For everyone old enough to remember Ricky Martin in his prime, I’m sure last week’s announcement that he was gay did not entirely throw your world off balance. In fact, I am willing to bet that his announcement came as very little surprise to basically anyone old enough to remember his infectious “She Bang,” or “Livin’ La Vida Loca” hits of the 1990s. This does not mean, however, that he should not be commended for gathering the strength to tell the world that he is gay.
Coming out is a difficult process. It first requires a person to accept their feelings of being lesbian, gay, bisexual, transgender or questioning, which in many cases is not easy. However, after this sometimes difficult self-acceptance, the person puts all of their relationships on trial essentially and tells the people closest to them that they are LGBTQ. It can be terrifying. Knowing that the people you believed to be your closest friends, the parents who raised you or the people you look to for guidance could change their opinions of you, or even worse stop loving you is a reality nobody ever wants to face, and I can imagine it is only more difficult when you are a celebrity and everyone knows your name.
Today in Hollywood, the landscape has become even more intrusive. With tabloids, celebrity oriented gossip blogs, and social networking sites (i.e.: Twitter, Facebook, myspace) chronicling every move of an individual, regular Americans begin to feel as though they personally know the celebrities whom they follow. As a result of this, regular non-celebrities believe it is their right to know everything about their favorite celebrities, as if they were in their inner-circle of friends and family. This, coupled with Hollywood’s intense pressure to be heterosexual, can make the coming out process arguably even more difficult.
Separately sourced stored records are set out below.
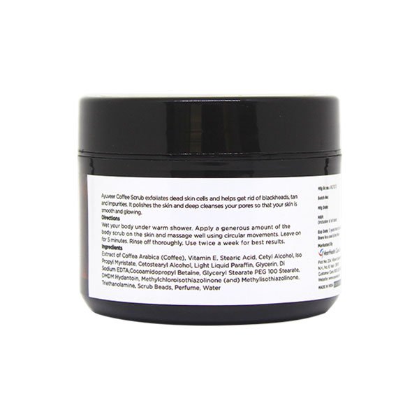 Ayuveer Coffee scrub exfoliates dead skin and helps get rid of blackheads, tan and impurities. It polishes the skin and deep cleanses your pores so that your skin is smooth and glowing.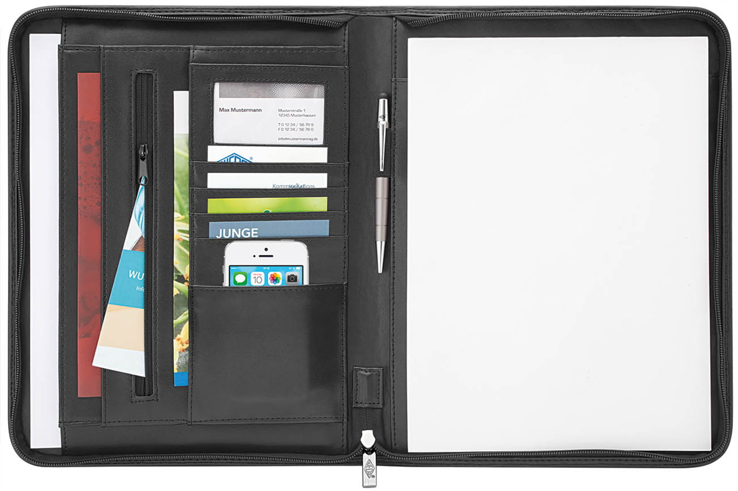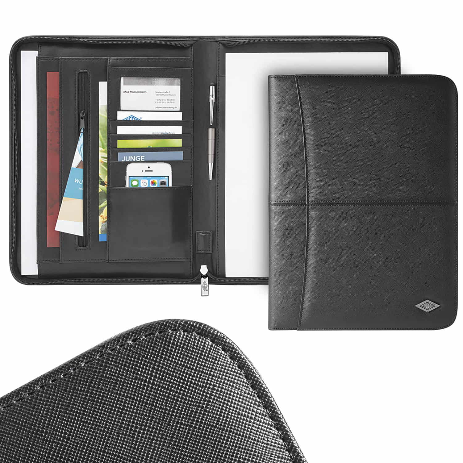 WEDO Tagungsmappe ACCENTO für DIN A4-Format. Hochwertig verarbeitete Tagungsmappe in modernem Design aus strukturiertem, strapazierfähigem Kunstleder mit A4-Außenfach und umlaufendem Reißverschluss. Sie wird inklusive einem A4-Schreibblock geliefert. Die praktische Innenaufteilung umfasst je ein A4-Faltfach und A5-Einsteckfach, ein Reißverschlussfach, ein Sichtfenster für Visitenkarten, vier Kartenfächer, zwei weitere Einsteckfächer sowie eine Gummizugschlaufe für ein Schreibgerät. Farbe: schwarz. Maße: ca. 25,5 x 4,5 x 33,5 cm. Lieferung im bebilderten Karton.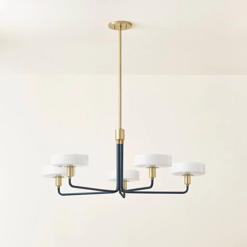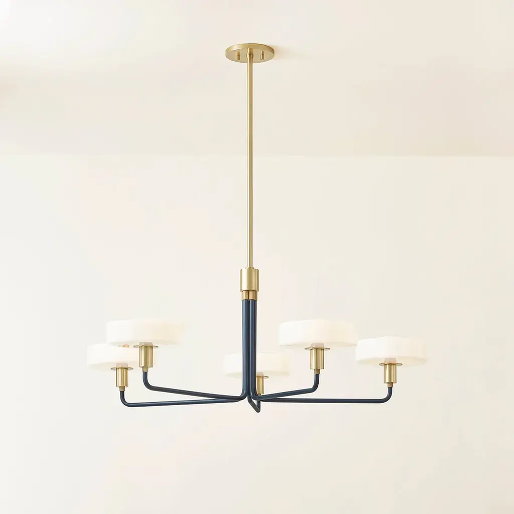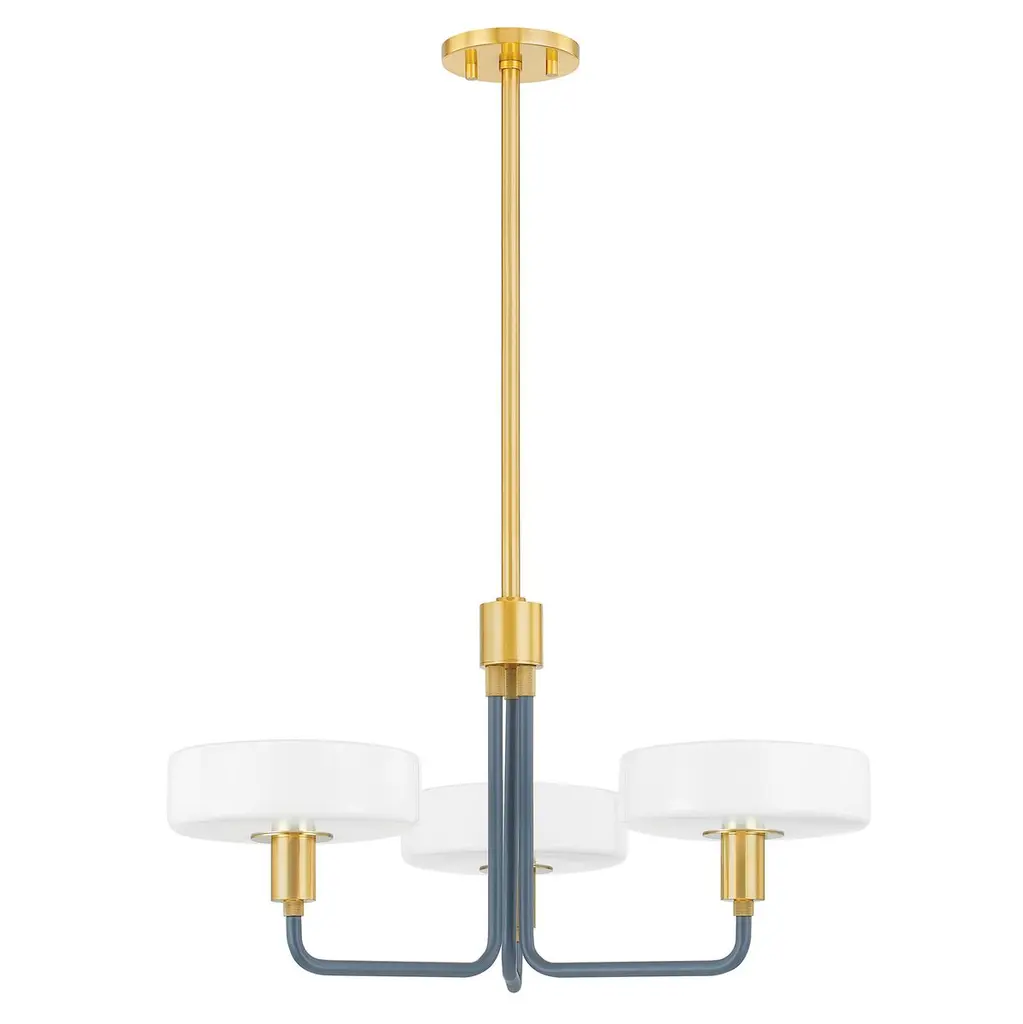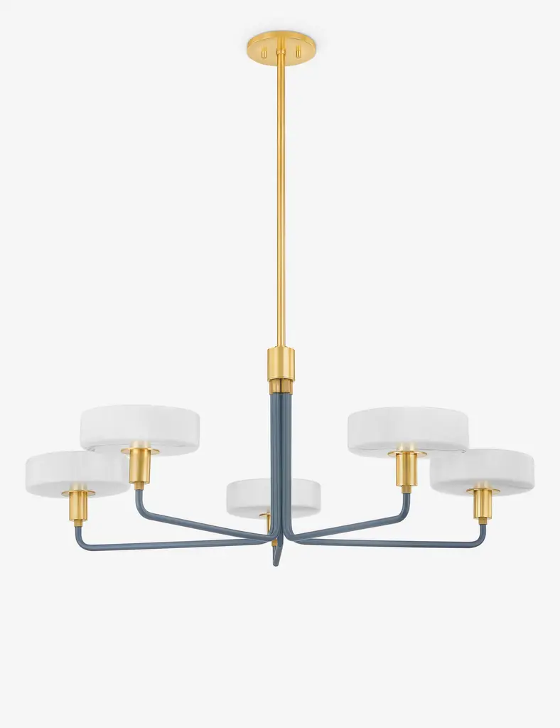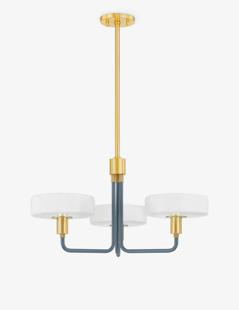 A modern statement piece in stylish Slate Blue, Aston features thick pillow-shaped shades made of Opal Shiny Glass balanced on a softly geometric frame. Sleek lines, right angles, and warm Aged Brass accents contribute to the striking stature of this fixture. Available as a sconce, 3-light and a 5-light chandelier, Aston fills any space with a warm glow. Part of our Zoe Feldman collection.

While it may have been easier for Ricky Martin to come out of the closet more than a decade after his rise to fame, it is still no easy feat. After seeing the scrutiny that other openly gay musicians (particularly Adam Lambert) have endured at the hands of Hollywood in recent months, I can imagine Ricky Martin would be comfortably living a privately homosexual life with only his closest friends and family members knowing. This was however not the case. He decided that now was the time to come clean with the world about who he is, and I personally cannot thank him enough. It is times like these, when gay marriage is being fiercely contested, homosexual students are not allowed to attend their proms and language like ‘fag’ and ‘dyke’ are being overlooked in schools that gay visibility is so sorely needed. While I do not think that Ricky Martin’s coming out is going to necessarily open the flood-gates for other LGBTQ celebrities to come running out of the closet, or anti-gay legislation to disappear immediately, his efforts are a wonderful step in the right direction, and I am sure he feels intense relief about telling the world who he is without leaving any part of his identity out.
The final sentence of his coming out statement read, “I am proud to say that I am a fortunate homosexual man. I am very blessed to be who I am”. Congratulations, Ricky Martin, and thank you for having the courage to let the world know entirely who you are.